Midway through the NetDiligence panel “Wrongful Use and Inadequate Disclosure,” speaker Chris Keegan (Beecher Carlson) offered a remarkable statistic – the amount of data collected in the past two years is greater than all the data collected to that point in history. Fellow panelist John Yanchunis (Morgan and Morgan) called this trove “the oil of the 21st century” – a commodity of unprecedented value. With those ideas in mind, the panel set out to tackle the emerging issues around data collection and to explore how insurance companies must address potential misuse against a backdrop of increased litigation and regulation.
Moderator Mark Mao (Boies Schiller Flexner) led with an invitation to Yanchunis to sum up how litigation has begun to shape this “Wild West” of data collection. Yanchunis stressed that lawsuits have relied on legal definitions of privacy established in 19th century case law, now being retrofitted for the 21st century. It has been difficult to even establish standing to prevent data collection, because standing typically relies on proof that harm has already occurred. However, increased legislation seems likely to follow the passage of CCPA, and Yanchunis predicted that more class actions will be certified as a result.

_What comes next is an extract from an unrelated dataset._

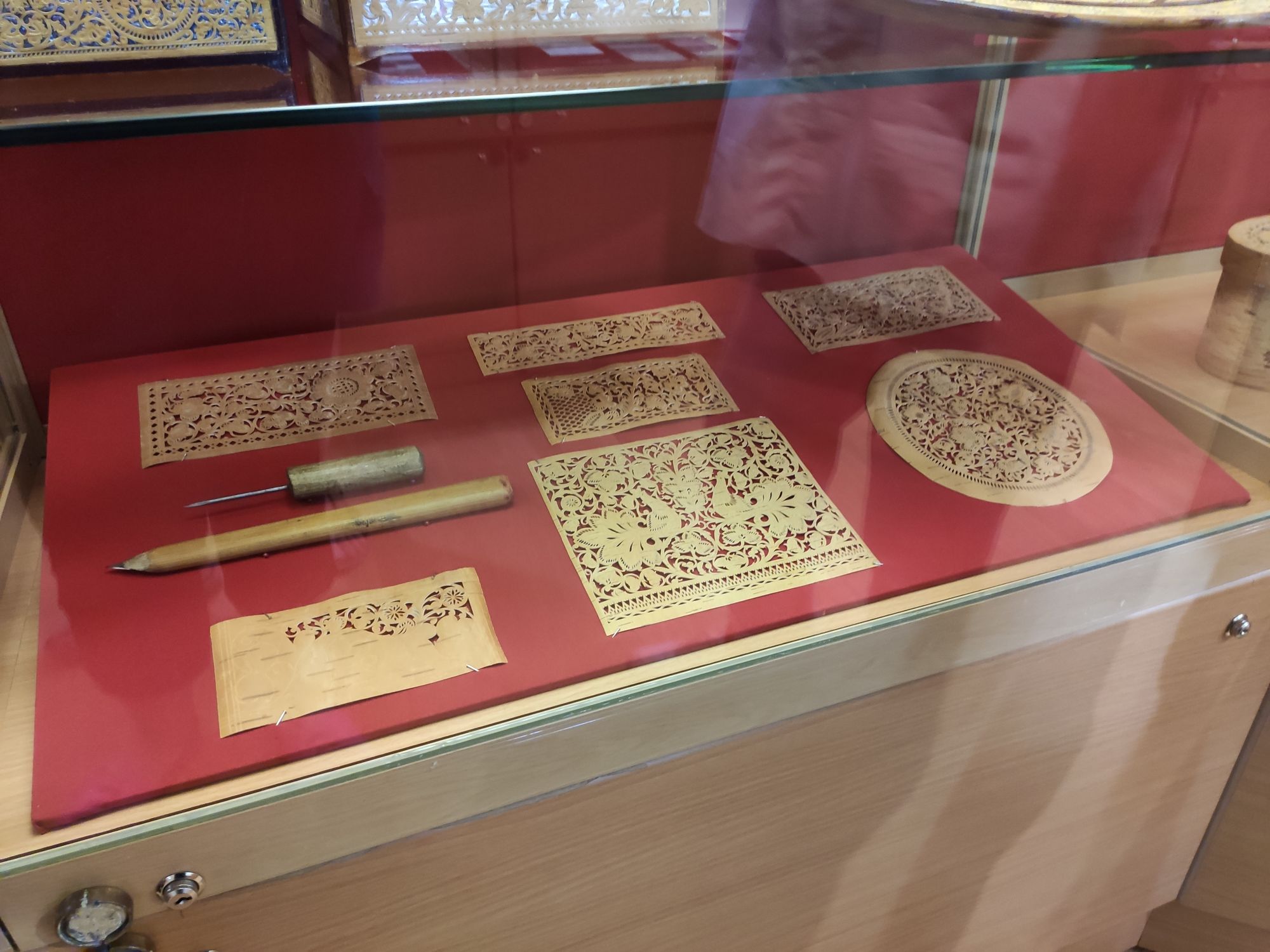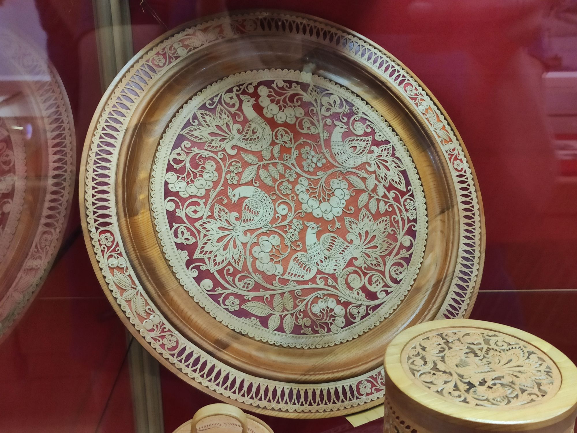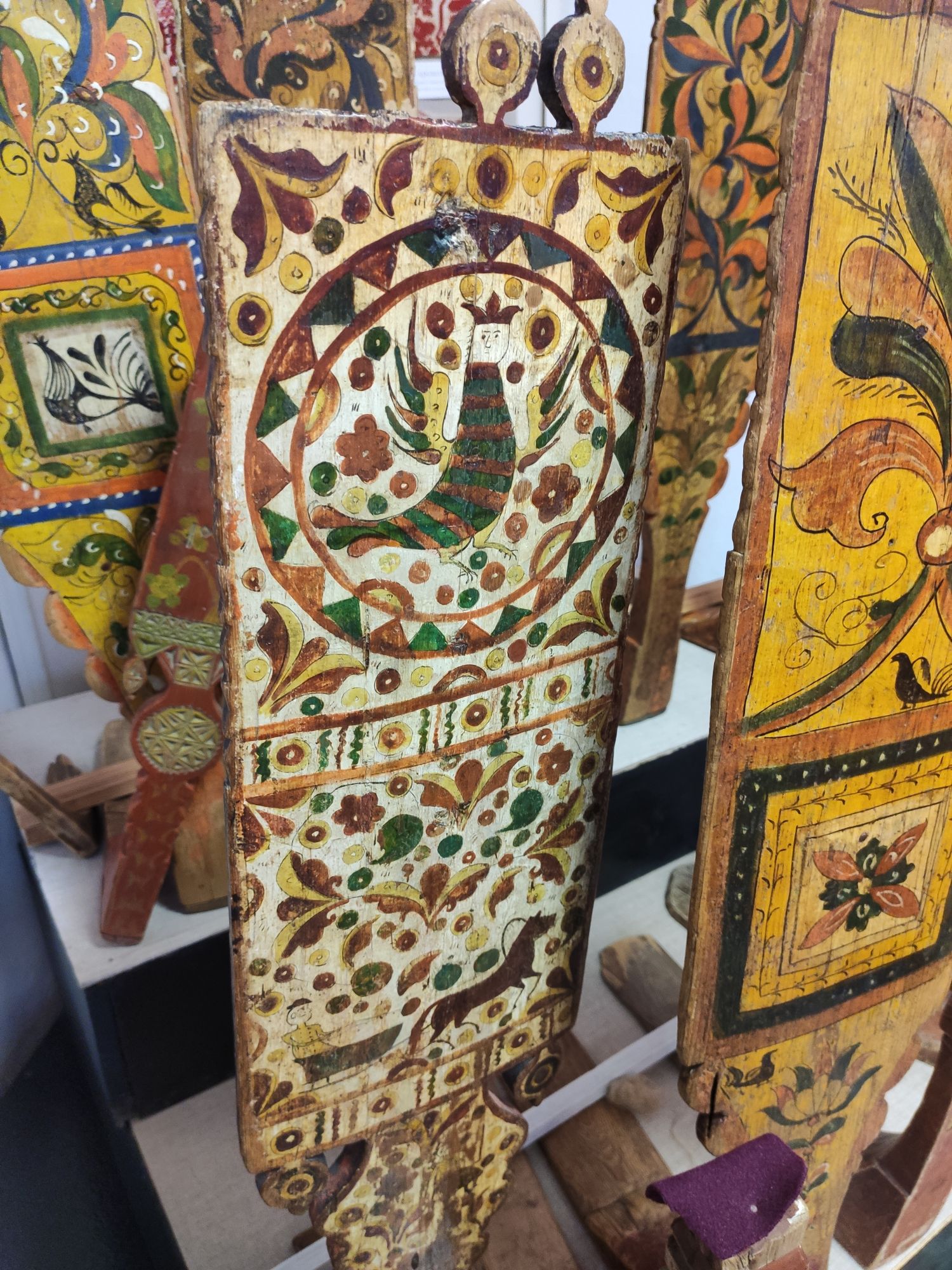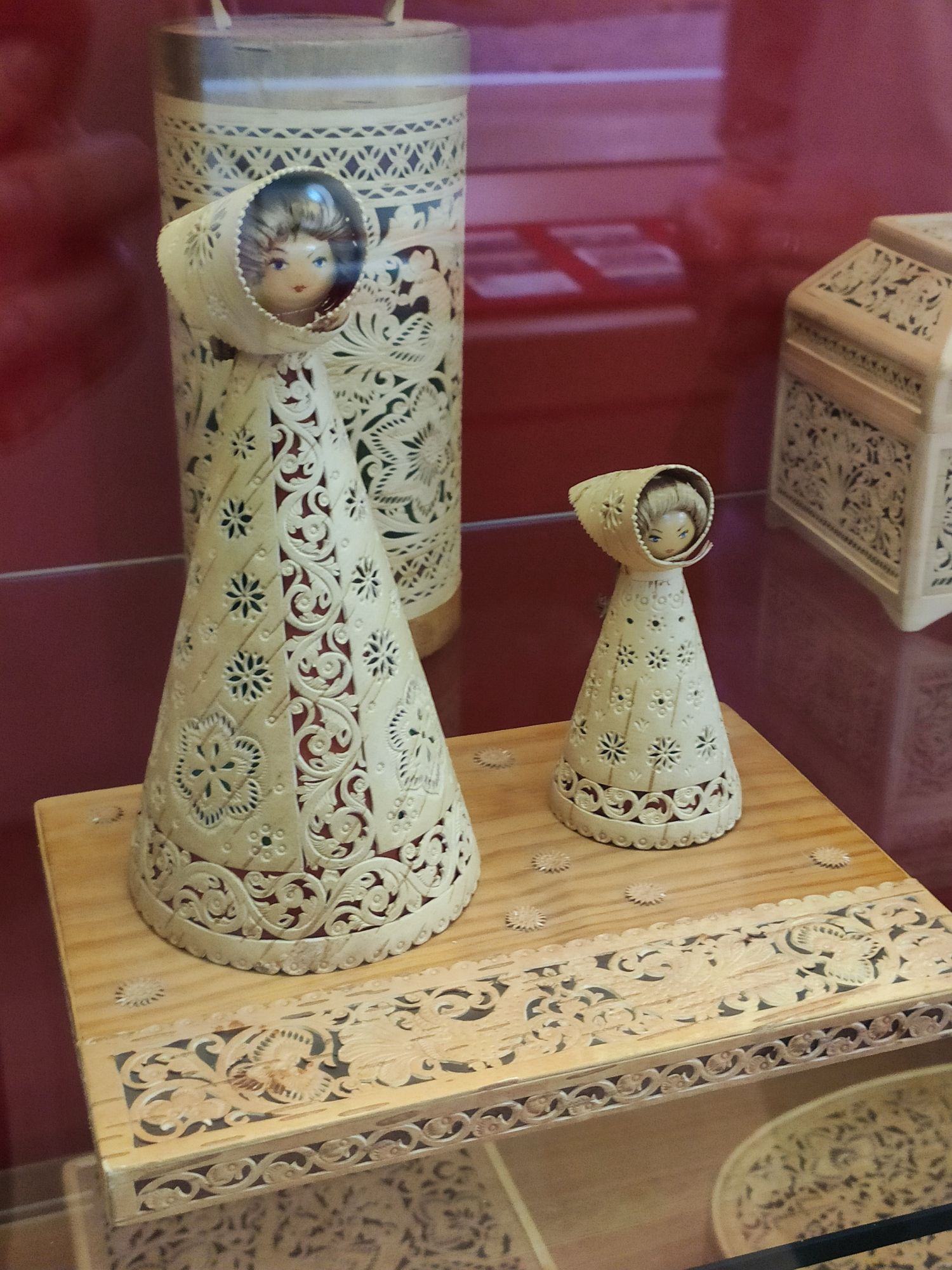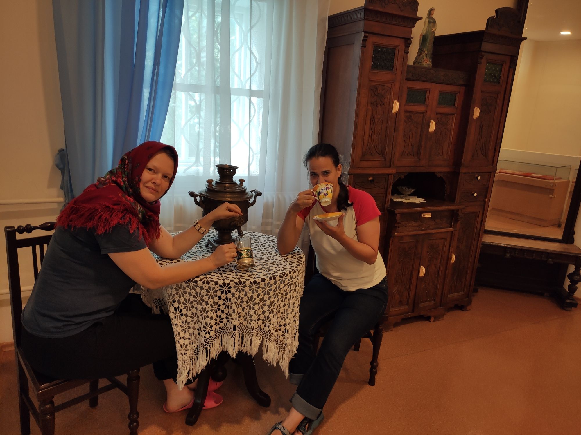 8 августа 2022 Продолжение. Великий Устюг. Город встретил нас изнуряющей жарой. Вообще, мы были очень голодные, поэтому начали с обеда))) Потом решили чуток пройтись. Шли от тени до тени и сторону улицы выбирали теневую. И вот идём мы за какими-то палаточками. Думали, что там просто рынок приехал и продают шторы/штаны/полотенца.... И тут опа - из-под палатки выглядывает огромный туесок с росписью. Ну и мы не смогли пройти мимо. Женька ушел в тень, а мы с Асей погуляли вдоль палаточек. Продавали разные изделия народных промыслов и всякие авторские вещицы. И мы бы ушли без покупок, если бы не вот этот лоток... Муж с женой делают вот таких куколок. В основном там парочки, занятые разными делами))) Визитку брала, но что-то найти не могу. Найду, выложу. Я купила Женьке подарок - бабулька и дедулька на мотоцикле)))) Прошли через Соборное дворище - центр В. Устюга с несколькими храмами. А дальше пошли в Депозитарий - это открытое хранение фондов музея (то, что не вошло в выставочные коллекции музеев Устюга на данный момент). Этот музей нам давно рекомендовала Маша из Тотьмы как самый крутой устюжский музей. (Но я продолжаю хотеть ещё и в краеведческий))) В Депозитарии мы взяли экскурсию. Нам досталась великолепная Инна Валерьевна. От нее мы узнали слово "шишебар" (или шишибар, не знаю)))). Это репейник. Нам рассказали, что когда выделили здание под фондохранилище, сотрудники пошли его смотреть. В здании в советское время был кинотеатр. И вот посреди зрительного зала рос огромный куст шишебара))) А сейчас в этом зале вот такая красота: Фото будет много, уж простите))) Город был купеческий, богатый. Сухона и Северная Двина - это торговые пути в свое время были. А богатые купцы любили, чтобы у них всё было самое лучшее. Поэтому изразцовых печей в городе было много. Жаль, что жители не очень это всё ценили. Чтобы увеличить жилплощадь, печи ломали. А сотрудники музея буквально на помойках собирали изразцы и уносили в музеи. Причем, производство наладили своё - из местной глины. Были даже свои сюжеты. Например "барочные часы". Ну и всякие веточки, травки)) А эти сюжетные изразцы я вообще обожаю. Надписи читать и картинки разглядывать всегда удовольствие. Типа "заяц дикой". Такие изразцы ещё в зелёной гамме встречаются. А на узких изразцах как мультик покадрово - собака увидела зайца и он начал от неё удирать, иногда оглядываясь. А ещё - дверцы и заслонки обычно делались с обратной стороны печи, а где изразцы было лицо. Без всяких заслонок. Но в музеях часто, чтобы показать и дверки, вставляют их в изразцовую сторону. Это дверка местного производства. В экспозиции много разной красивой мебели. Почему-то я не сфоткала красивый немецкий то ли буфет, то ли шкаф. В Великом Устюге буфеты назывались ресторанами. И каждая дверка и каждый ящичек запирались на ключ. Прятали там сладости от детей и спиртное от мужа))) Стенд с прялками. Часть прялок отсутствует - они на выставке в Кирилло-Белозерском монастыре. Обсуждаем прялки. Выясняется, что, во-первых, мы в курсе выставки и в курсе, что в Кирилло-Белозерском монастыре директор музея "болен" прялками и мечтал о выставке много лет)))) На нас Инна Валерьевна начинает коситься. Во-вторых, она перечисляет росписи - Мезенская, Двинская и, забывая слово, говорит - "ну на Р, только я забыла"... Из меня вылетает "Ракульская. Не знаю зачем я это знаю". Нам тут же вопро

With the prospect of legal damages and regulatory fines on the horizon, companies will look to cyber insurance to cover these losses. Panelists Laurie Kamaiko (Saul Ewing LLP), Richard Sheridan (Berkley Cyber Risk Solutions), and Chris Keegan turned the discussion to how insurers must approach the question of misuse. Kamaiko recommended investigating the initial data collection – what is the purpose of the data, and is the collector the one misusing? Or is the misuse a result of some third-party relationship? Knowing the answer to that question can help match the policy to the potential conduct. Sheridan added that policies may have a number of ways to deal with wrongful collection – through exclusions, explicit inclusion, or sublimits. Keegan predicted that new statutes will lead to explicit coverage, but that intentional violation of statutes by senior executives may be excluded as these actions may be considered business practices.
Discussion of recent lawsuits laid open a number of issues that would affect coverage. What makes data “personal”? Is the collection authorized and is it shared with outside parties? What if data is shared with a third party for one purpose, but the third party uses it for another? Can data use practices be defined as business policy? If there is harm, was the harm intentional, and – equally important – foreseeable? What are the limits of consent when data is collected from a minor?
The panel agreed that companies expect cyber coverage to extend to wrongful use. Additionally, as Sheridan pointed out – as regulations expand and judges become more sympathetic to privacy class actions, insurers may need to reassess how to write and price coverage to account for new uses, potential misuses, and increased loss.